Now that both the DNC and RNC are over and Labor Day is upon us we are now in the true presidential campaign season. We can now expect to see all of the classic logical fallacies, both formal and informal to be in full use. An unlike many past elections we can expect to see one party to use those logical fallacies more than the other. This is because one party, the Republican Party, has become totally addicted to them. Indeed we were not even to Labor Day and the GOP has used one of my favorite fallacies already.
I’m speaking, of course, of the fallacy known as the “False Equivalency”. This maybe the oldest of the informal logical fallacies known to man. It is certainly one we all learn to use at a very early age. It is often found keeping company with the logical impossibility of proving a negative as asking the challenger(s) to “prove that the statement is not an equivalent” is made. What needs to be done in all cases is to provide proof that the stated equivalencies does exist.

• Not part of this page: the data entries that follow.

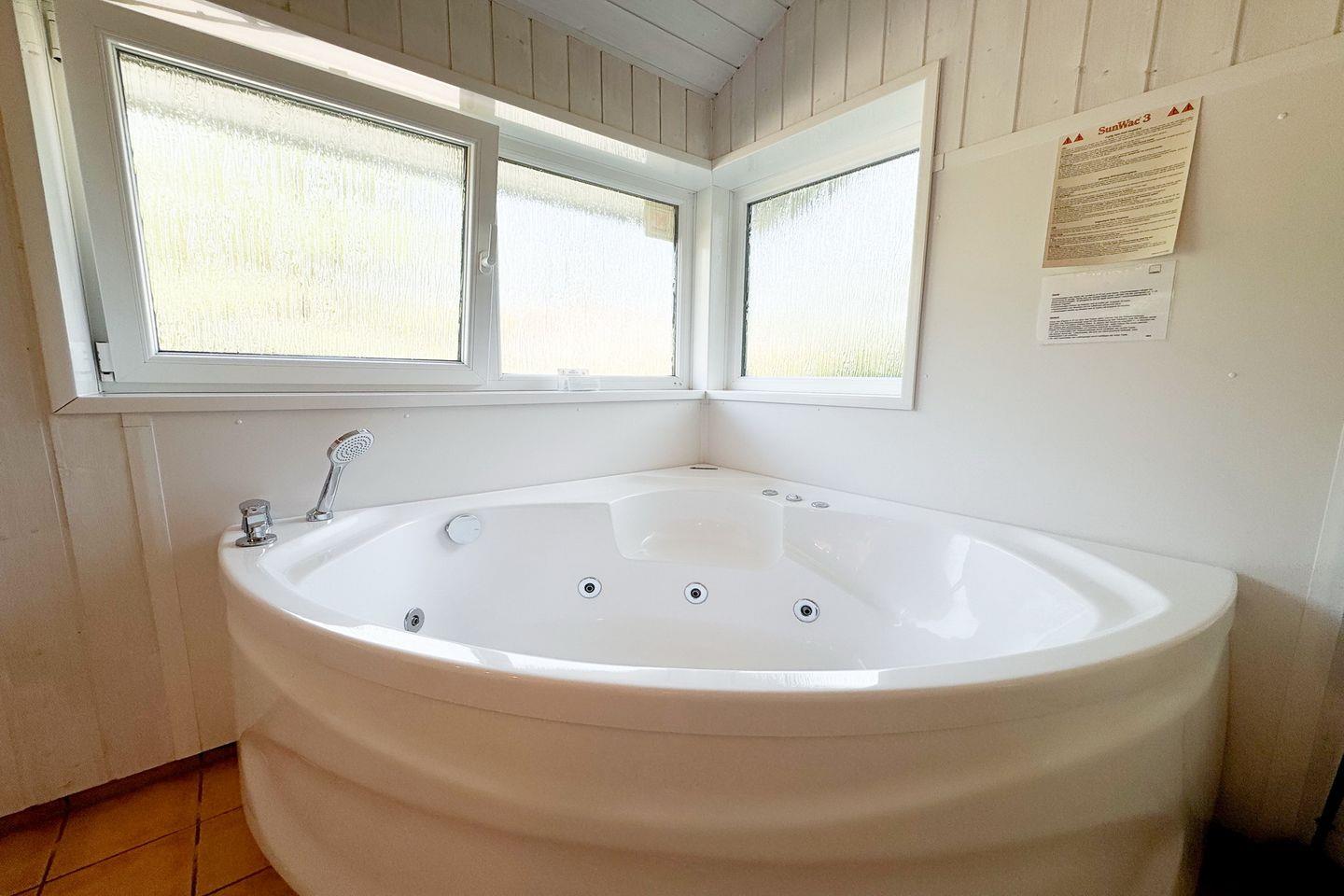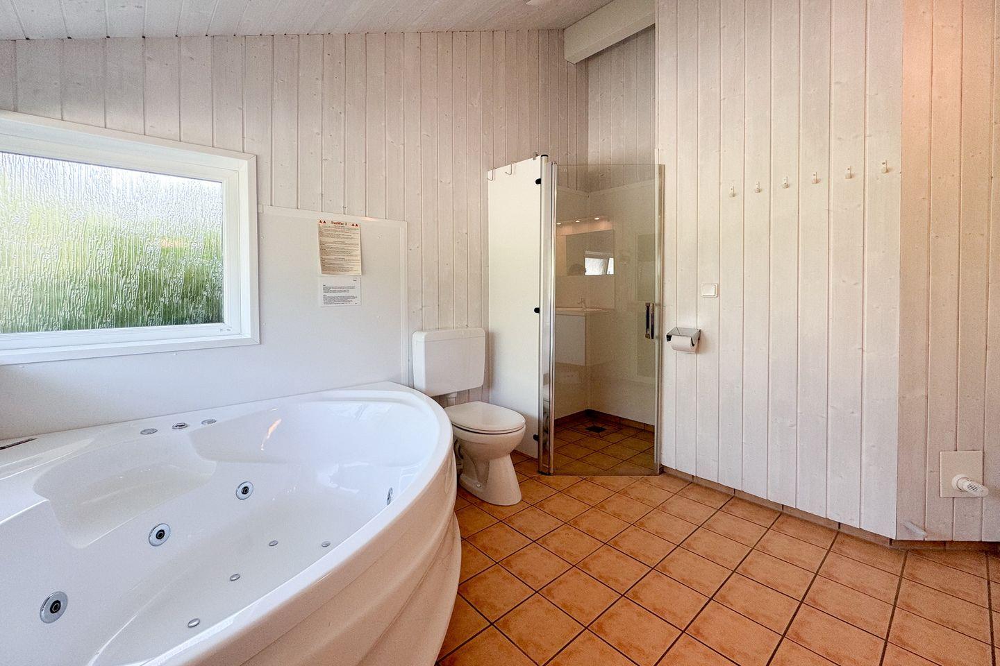 Das Badezimmer bietet eine Sauna, einen Whirlpool (für bis zu 2 Personen), eine bodengleiche Dusche, WC und ein Waschbecken.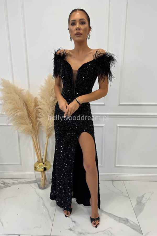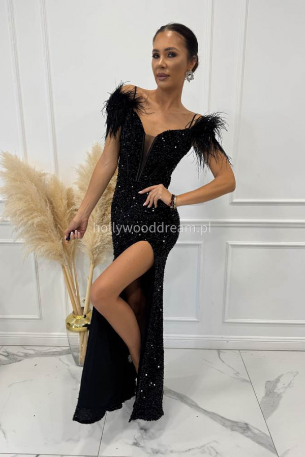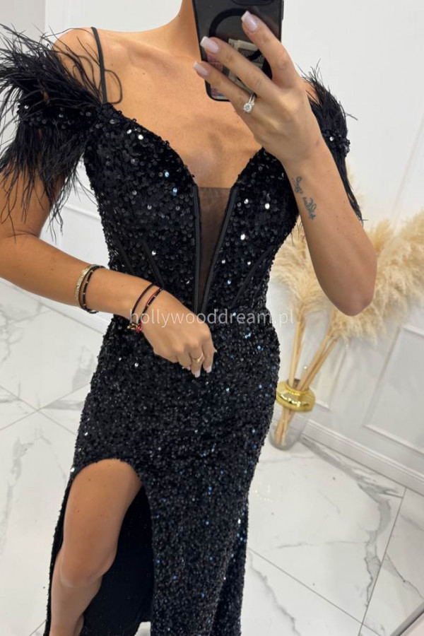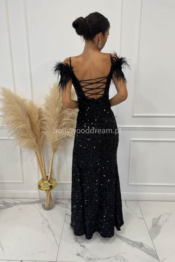- Czarna sukienka maxi z cekinami, wiązaniem na plecach i piórami przy ramionach SYRENA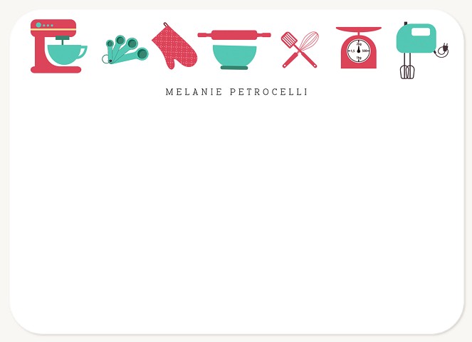 Express your culinary personality with these charming personalized stationery cards featuring an array of classic kitchen essentials. Cheerful red and turquoise icons of stand mixers, measuring spoons, and baking tools create a delightful header design. Perfect for recipe sharing, kitchen correspondence, or adding a dash of personality to any note.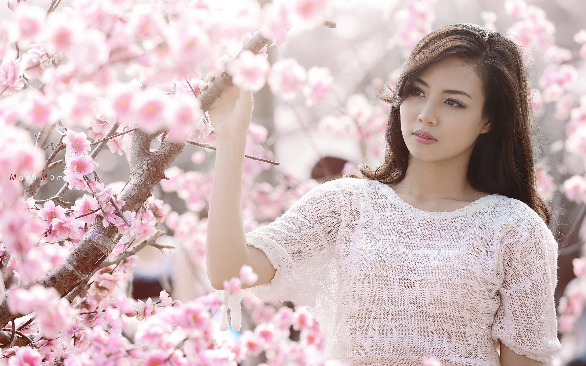 Description: A woman standing in front of a tree with pink flowers on it's branches and a white shirt on.

One of the reasons that the fallacy of false equivalence is so popular is that most people are never taught the difference between “equality” and ”equivalent”. This is a very hard concept to get across in programming and even harder in everyday life. Its misuse has lead to many a difficult bug to find because the code reads correctly even though it is not executed correctly. The same is true, in practice, in everyday life. It sounds right, even when it is wrong and it takes careful scrutiny of what one is saying to check it.
In the common usage equal is used to mean a kind of identity, that two things are identical twins. No one would say that twins are the same thing. But for most things saying they are ‘identical’ is ok. But in many things it is not. That is why you have to be clear as to how, when, and where you are saying two thing are identical. That they are equal. That is why we say “All men are equal before the law”; we mean they will be treated the same. And that is why false equivalency is so bad.

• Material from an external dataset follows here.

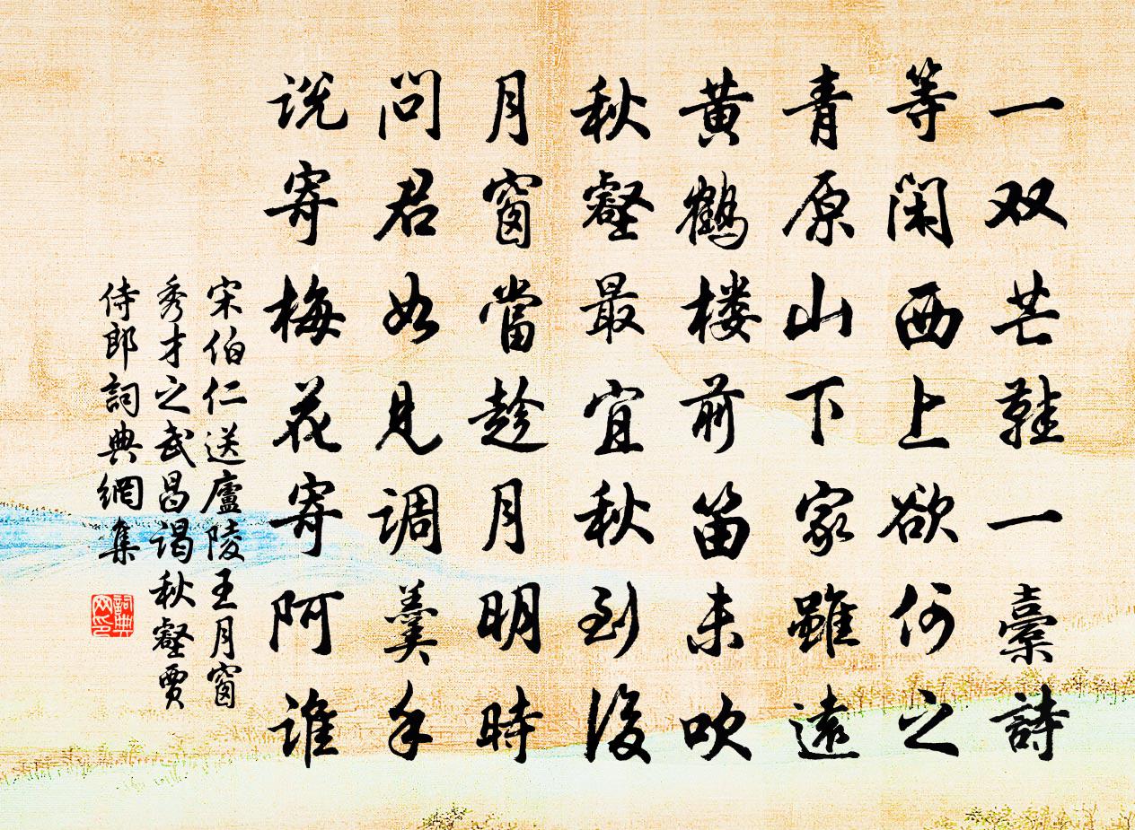 詩詞名句歷史字典書法欣賞書法字典國語詞典說文解字康熙字典古漢語字典標 題 作 者 詩 句 送廬陵王月窗秀才之武昌謁秋壑賈侍郎作者:宋伯仁 朝代:宋代原文一雙芒鞋一橐詩,等閒西上欲何之。青原山下家雖遠,黃鶴樓前笛未吹。秋壑最宜秋到後,月窗當趁月明時。問君如見調羹手,說寄梅花寄阿誰。詩詞問答問:《送廬陵王月窗秀才之武昌謁秋壑賈侍郎》的作者是誰?答:宋伯仁問:該詩寫於哪個朝代?答:宋代書法欣賞送廬陵王月窗秀才之武昌謁秋壑賈侍郎書法作品詩詞推薦偶作二首白玉蟾〔宋代〕雪後竹君子,霜前松大夫。梅殘半點白,猿叫一聲孤。聞李夷遇下第東歸因以寄贈薛能〔唐代〕囊中書是居山寫,海畔家貧乞食還。吾子莫愁登第晚,古人惟愛賤游閒。舟行散適江亭上,郡宴歌吟蠟燭間。從此上陽水窗旬宴得移字韻張九齡〔唐代〕河漢非應到,汀洲忽在斯。仍逢帝樂下,如逐海槎窺。春賞時將換,皇恩歲不移。今朝游宴所,莫比天泉池。上譙江州劉過〔宋代〕丘公鎮金陵,辛老治就口。君王神武欲籌邊,九江更使何人守。九江太守今譙侯,譙侯德量容九州。詩書禮樂晉元太平吟邵雍〔宋代〕老者得其養,幼者得其仰。勞者得其餉,死者得其葬。水調歌頭陳三聘〔宋代〕玉鑒十分滿,清露一年秋。漂流蹤跡,誰念楚尾與吳頭。此夜刮明塵眼。望極好張詩膽。何處有高樓。浩蕩銀潢冷酬姚合賈島〔唐代〕黍穗豆苗侵古道,晴原午後早秋時。故人相憶僧來說,楊柳無風蟬滿枝。襄陽樂蘇軾〔宋代〕使君未來襄陽愁,提戈入市裹氈裘。自從氈裘南渡沔,襄陽無事多春遊。襄陽春遊樂何許。峴山之陽漢江浦。使君與下夫、朋元游陳侍御園范成大〔宋代〕沙際春風卷物華,意行聊復到君家。年年我是曾來客,處處梅皆舊識花。官減不妨詩事業,地寒猶辦醉生涯。城中玉樓春劉因〔元代〕柳梢綠小梅如印。乍暖還寒猶未定。惜花長是為花愁,酒卻嫌添酒病。蠅頭蝸角都休竟。萬古豪華同一盡。東君題嚴子陵釣台章才邵〔宋代〕短櫂夷猶七里灘,人亡依舊水光寒。漢家名節君知否,盡在君家一釣竿。和郡守彭吏部按視湖亭凡二首周鍔〔宋代〕使群風味壓荊州,每為吾民樂更憂。錦里篇章推唱首,浣溪光景促遨頭。行春預約花欹帽,把酒方欣雪點裘。岳史頌古四十四首釋師範〔宋代〕同舟共賞洞庭春,終日徘徊柳岸陰。卻得漁人加櫓棹,等閒抹過碧波心。句方翥〔宋代〕山寒一杯酒,歲晚兩窮人。北望陸游〔宋代〕昔我初生歲,中原失太平。寧知墓木拱,不見塞塵清。京洛無來信,江淮尚宿兵。何時青海月,重照漢家營?冬夜讀書示子聿陸游〔宋代〕讀書萬卷不謀食,脫粟在傍書在前。要識從來會心處,曲肱飲水亦欣然。紹興享先農十一首佚名〔宋代〕大事在祀,齊潔為先。既興而升,奉以周旋。下觀而化,無敢不蠲。惟神降格,監厥精虔。春日書懷,寄東洛白二十二楊八二庶子劉禹錫〔唐代〕曾向空門學坐禪,如今萬事盡忘筌。眼前名利同春夢,醉里風情敵少年。野草芳菲紅錦地,遊絲撩亂碧羅天。心知奉答原甫見過寵示之作歐陽修〔宋代〕不作流水聲,行將二十年。吾生少賤足憂患,憶昔有罪初南遷。飛帆洞庭入白浪,墮淚三峽聽流泉。援琴寫得入此題畫山水楊汝士〔唐代〕太華峰前是故鄉,路人遙指讀書堂。如今老大騎官馬,羞向關西道姓楊。名句推薦苟得其養,無物不長;苟失其養,無物不消。孟子《孟子·告子章句上·第八節》 治強生於法,弱亂生於阿。韓非及後人《韓非子·外儲說右下》 來歲長安春事早,勸杏花、斷莫相思死。龔自珍《金縷曲·癸酉秋出都述懷有賦》 荊溪白石出,天寒紅葉稀。王維《山中》 驚風飄白日,忽然歸西山曹植《贈徐幹詩》 算韶華,又因循過了,清明時候。王雱《倦尋芳慢·露晞向晚》 思歸若汾水,無日不悠悠。李白《太原早秋》 欲加之罪,其無辭乎?左丘明《左傳·僖公·僖公十年》 無稽之言,不見之行,不聞之謀,君子慎之。荀子《荀子·正名》 過盡征鴻來盡燕,故園訊息茫然。趙長卿《臨江仙·暮春》

When you say two things are equivalent and they aren’t, you will end up in the wrong place in your reasoning. And what is worse, the people who are listening to you will will also end up in the wrong place. When they try and use the equivalencies drawn to deal with an issue they will not get the results they expect. As an example, both methanol and ethanol are alcohol but if you try to make a Hi-Ball with methanol you’ll end up blind or dead instead of just drunk.
So beware when someone says “this is the same as that” in a political speech or debate. Examine what they say carefully and be sure in your own mind that they truly are equivalent in the case given. Beware of wanting to just accept what is said because it agrees with what you think or makes you feel good. Also don’t reject someone when they say “But that is a false equivalence”. Instead of rejecting ask them to explain why they think that. They just might be right.